- _Records to use_
◆ ◆ ◆ ◆

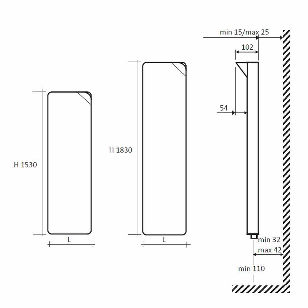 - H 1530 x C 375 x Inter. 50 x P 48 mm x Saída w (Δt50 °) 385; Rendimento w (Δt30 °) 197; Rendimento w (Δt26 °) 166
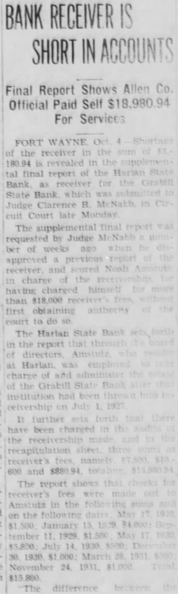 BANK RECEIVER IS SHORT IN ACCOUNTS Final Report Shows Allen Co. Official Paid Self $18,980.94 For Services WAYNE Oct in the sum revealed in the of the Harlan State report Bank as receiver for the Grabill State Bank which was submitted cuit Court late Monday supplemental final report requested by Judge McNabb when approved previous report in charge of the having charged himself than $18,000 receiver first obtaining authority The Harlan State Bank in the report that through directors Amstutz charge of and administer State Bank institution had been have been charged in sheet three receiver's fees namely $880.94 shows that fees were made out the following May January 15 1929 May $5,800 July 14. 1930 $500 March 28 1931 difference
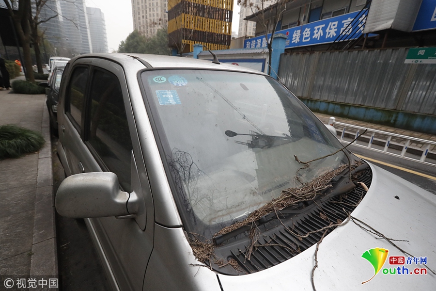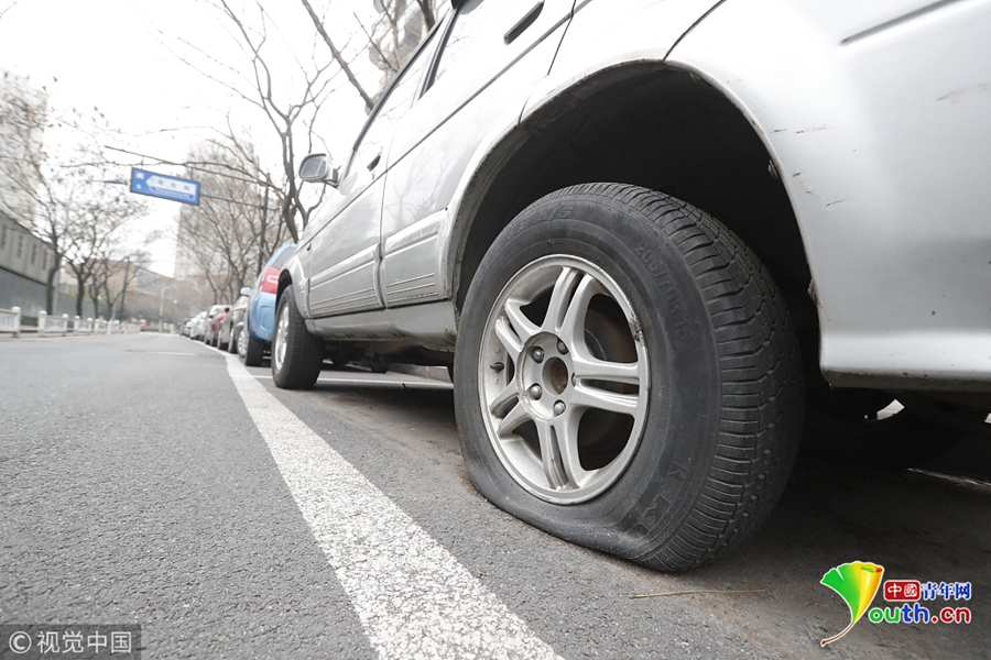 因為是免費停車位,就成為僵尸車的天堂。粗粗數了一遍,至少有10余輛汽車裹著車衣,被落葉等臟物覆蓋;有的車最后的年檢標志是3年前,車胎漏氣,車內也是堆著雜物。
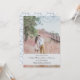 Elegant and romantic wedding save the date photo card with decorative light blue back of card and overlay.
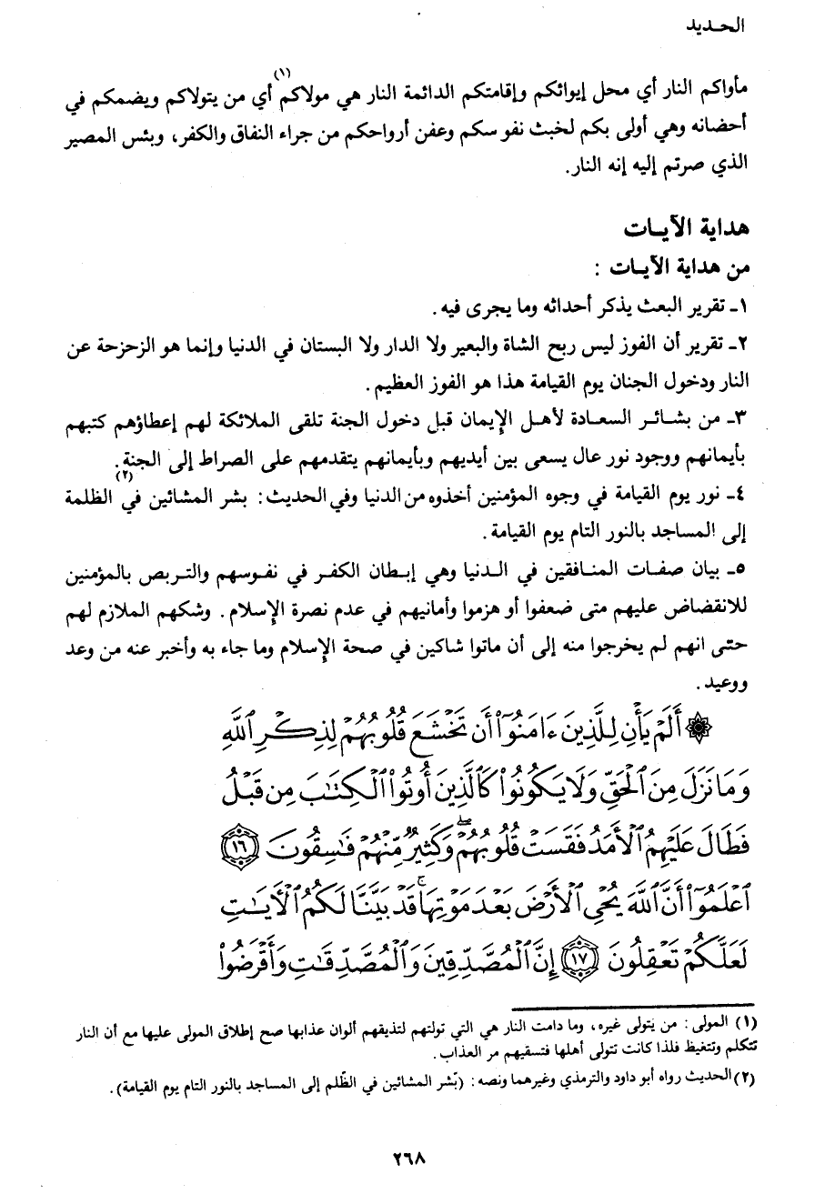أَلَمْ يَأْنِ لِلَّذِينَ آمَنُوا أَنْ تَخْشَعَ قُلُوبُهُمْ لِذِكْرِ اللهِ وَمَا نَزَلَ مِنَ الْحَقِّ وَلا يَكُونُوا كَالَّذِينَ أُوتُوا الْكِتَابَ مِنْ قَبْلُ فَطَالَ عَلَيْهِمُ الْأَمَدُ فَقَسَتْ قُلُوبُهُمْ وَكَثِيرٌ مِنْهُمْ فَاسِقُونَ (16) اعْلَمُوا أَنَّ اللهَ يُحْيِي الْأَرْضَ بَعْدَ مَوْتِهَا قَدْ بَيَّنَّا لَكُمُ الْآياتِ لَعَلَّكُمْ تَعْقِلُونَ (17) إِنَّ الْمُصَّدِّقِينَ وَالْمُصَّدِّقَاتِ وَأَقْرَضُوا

◆ ◆ ◆ ◆

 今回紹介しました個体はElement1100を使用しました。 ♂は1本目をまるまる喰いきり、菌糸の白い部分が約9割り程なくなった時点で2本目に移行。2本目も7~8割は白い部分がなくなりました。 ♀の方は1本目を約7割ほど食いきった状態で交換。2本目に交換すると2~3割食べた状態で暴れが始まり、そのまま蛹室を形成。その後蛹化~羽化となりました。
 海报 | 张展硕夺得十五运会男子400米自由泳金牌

◆ ◆ ◆ ◆

- _Your assignment_
An exact copy is needed of the entries above, starting at the line that holds "因為是免費停車位,就成為僵尸" and stopping at the line that holds "أَلَمْ يَأْنِ لِلَّذِينَ", both kept; pictures stay out.

- _Response below_
 因為是免費停車位,就成為僵尸車的天堂。粗粗數了一遍,至少有10余輛汽車裹著車衣,被落葉等臟物覆蓋;有的車最后的年檢標志是3年前,車胎漏氣,車內也是堆著雜物。
 Elegant and romantic wedding save the date photo card with decorative light blue back of card and overlay.
أَلَمْ يَأْنِ لِلَّذِينَ آمَنُوا أَنْ تَخْشَعَ قُلُوبُهُمْ لِذِكْرِ اللهِ وَمَا نَزَلَ مِنَ الْحَقِّ وَلا يَكُونُوا كَالَّذِينَ أُوتُوا الْكِتَابَ مِنْ قَبْلُ فَطَالَ عَلَيْهِمُ الْأَمَدُ فَقَسَتْ قُلُوبُهُمْ وَكَثِيرٌ مِنْهُمْ فَاسِقُونَ (16) اعْلَمُوا أَنَّ اللهَ يُحْيِي الْأَرْضَ بَعْدَ مَوْتِهَا قَدْ بَيَّنَّا لَكُمُ الْآياتِ لَعَلَّكُمْ تَعْقِلُونَ (17) إِنَّ الْمُصَّدِّقِينَ وَالْمُصَّدِّقَاتِ وَأَقْرَضُوا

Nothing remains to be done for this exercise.